**Directions**
A faithful copy of the listing below is needed, one that contains no pictures.

BEGIN Data segment

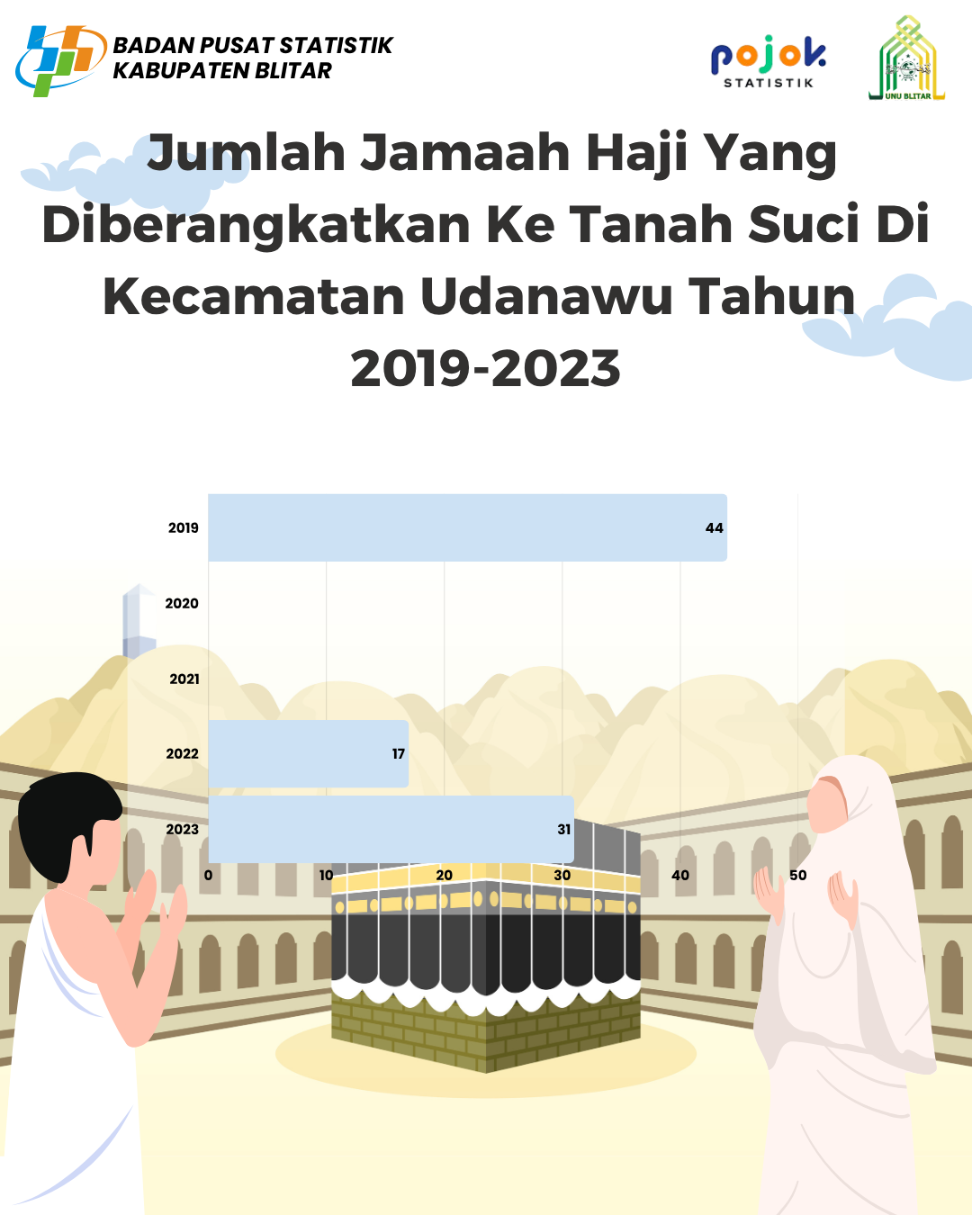 Jumlah Jama'ah Haji Yang Diberangkatkan Ke Tanah Suci Di Kecamatan Udanawu Tahun 2019-2023
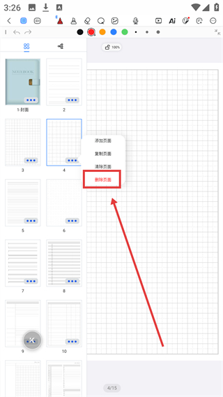4、长按页面弹出操作菜单,选择【删除页面】就能移除不需要的页面,整理笔记结构啦。
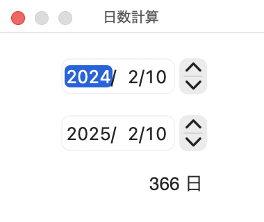元の日付が違う、複数のファイルを一括変換する場合は、日数による変換をお勧めします。日数による変換を行うことで、月の持つ日数の違いや、年ごとの閏日の有無を含めた日数変換を、それぞれの日時にさせることができます。日数の計算には、「表示」>「日数計算を表示」を選択し、日数計算ウインドウを使用して下さい。

END Data segment

**Written reply**
 Jumlah Jama'ah Haji Yang Diberangkatkan Ke Tanah Suci Di Kecamatan Udanawu Tahun 2019-2023
4、长按页面弹出操作菜单,选择【删除页面】就能移除不需要的页面,整理笔记结构啦。
元の日付が違う、複数のファイルを一括変換する場合は、日数による変換をお勧めします。日数による変換を行うことで、月の持つ日数の違いや、年ごとの閏日の有無を含めた日数変換を、それぞれの日時にさせることができます。日数の計算には、「表示」>「日数計算を表示」を選択し、日数計算ウインドウを使用して下さい。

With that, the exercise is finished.